Submission Details

The relationship between MT-CO3 and primary mitochondrial disease was evaluated using the ClinGen Clinical Validity Framework as of March 20, 2023. The MT-CO3 gene encodes subunit III of cytochrome c oxidase (COX), also called complex IV of the respiratory chain, which is located from m.9207-9987 on the heavy strand of the mitochondrial DNA (mtDNA). Defects of this protein lead to complex IV deficiency.

While various names have been given to the constellation of features seen in those with MT-CO3-related disease, pathogenic variants in this gene cause a primary mitochondrial disease. Therefore, the MT-CO3 phenotype has been lumped into one disease entity according to the ClinGen Lumping and Splitting Framework. Of note, MT-CO3 was first curated by this GCEP for its association with Leigh syndrome spectrum (LSS) on May 24, 2021 (SOP v8), with a final classification of limited. This current curation for the association with primary mitochondrial disease includes cases with LSS.

MT-CO3 was first reported in relation to maternally-inherited primary mitochondrial disease in 1996 (PMID: 8630495), in a 15-year-old girl with a history of exercise intolerance, rhabdomyolysis, and muscle biopsy findings consistent with mitochondrial myopathy. Subsequent publications have shown three main phenotypes seen in those with MT-CO3-related primary mitochondrial disease: Leigh syndrome spectrum seen in one case (PMID: 11063732), mitochondrial encephalomyopathy, lactic acidosis, and stroke-like episodes (MELAS) seen in two cases (PMIDs: 33863631, 34054915), and a myopathic phenotype that often involves isolated or recurrent episodes of rhabdomyolysis in five cases (PMIDs: 8630495, 9634511, 12414820, 21163656, 16288875). Muscle biopsies in affected individuals universally showed COX-negative fibers, and 8/9 showed an isolated complex IV deficiency.

Evidence supporting this gene-disease relationship includes case-level data and experimental data. This curation included 3 unique missense variants, 3 nonsense variants, 2 frameshift variants, and 1 in-frame deletion. These variants were generally present at high levels of heteroplasmy in muscle tissue and at lower to undetectable levels in other tissues such as blood and buccal tissue, highlighting the diagnostic importance of muscle biopsy in MT-CO3-related primary mitochondrial disease. Single fiber studies were performed in several affected individuals and were supportive of variant pathogenicity. In summary, this curation included 8 probands reported in 9 papers from 1995-2021 (PMIDs: 11063732, 33863631, 34054915, 8630495, 9634511, 12414820, 21163656, 16288875). Notably, the m.9957T>C variant (PMID:7496173) was not included in this curation given a relatively high population frequency (0.081% in MITOMAP’s GenBank sequences and 0.028% in gnomAD v3.1.2, all homoplasmic occurrences) and given that nuclear DNA etiologies were not excluded.
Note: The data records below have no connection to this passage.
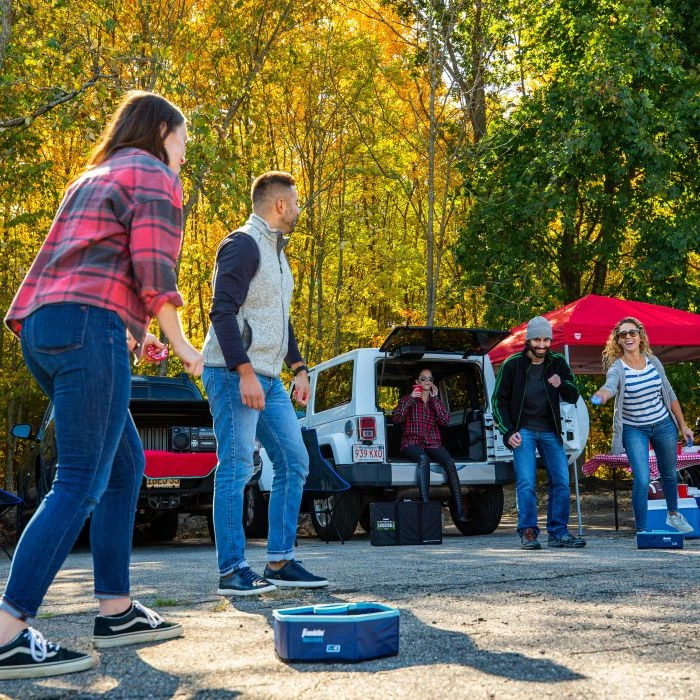 • OFFICIAL SIZE foldable washer set lets you take your game with you. Collapsible Fold and Go design makes this a fun, portable game you can play almost anywhere!
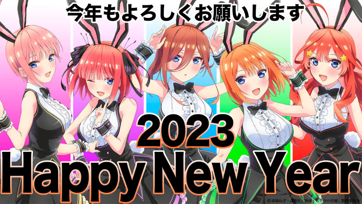Como algunos sabrán, en Japón ya han pasado más de las 00:00 AM, lo cual marca la llegada de un nuevo año. Es por eso que para celebrar el comienzo del año 2023, en los medios oficiales del anime «Go-Toubun no Hanayome» (The Quintessential Quintuplets) han publicado una ilustración especial protagonizada por los personajes Ichika Nakano, Nino Nakano, Miku Nakano, Yotsuba Nakano e Itsuki Nakano, quienes lucirán un atuendo más que especial para la ocasión.
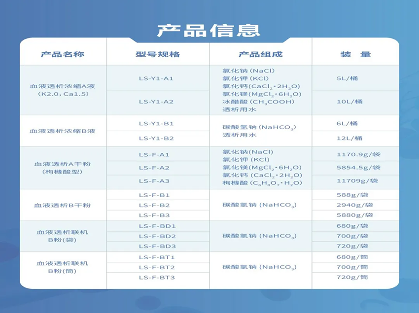 公司申請注冊成功的“血液透析濃縮液”和“血液透析干粉”均屬于血液透析濃縮物,產(chǎn)品醫(yī)療器械分類編碼為10-04-01,適用于急性腎衰竭、慢性腎衰竭的血液透析治療,已被臨床大量應用。此次注冊通過的產(chǎn)品離子濃度型號為“鉀2.0、鈣1.5”型,擁有1人份、2人份裝量,能滿足絕大多數(shù)患者與透析中心的使用需求。

This gene-disease association is also supported by functional implication given protein interaction with the multitude of other COX subunits and assembly factors linked to primary mitochondrial disease and functional alteration in patient cells, including cybrid analyses (PMIDs: 10788526, 30030519, 34054915).

In summary, there is definitive evidence to support the relationship between MT-CO3 and primary mitochondrial disease. This relationship has been repeatedly demonstrated in both the research and clinical diagnostic settings and has been upheld over time. This classification was approved by the NICHD/NINDS U24 ClinGen Mitochondrial Disease Gene Curation Expert Panel on March 20, 2023 (SOP Version 9).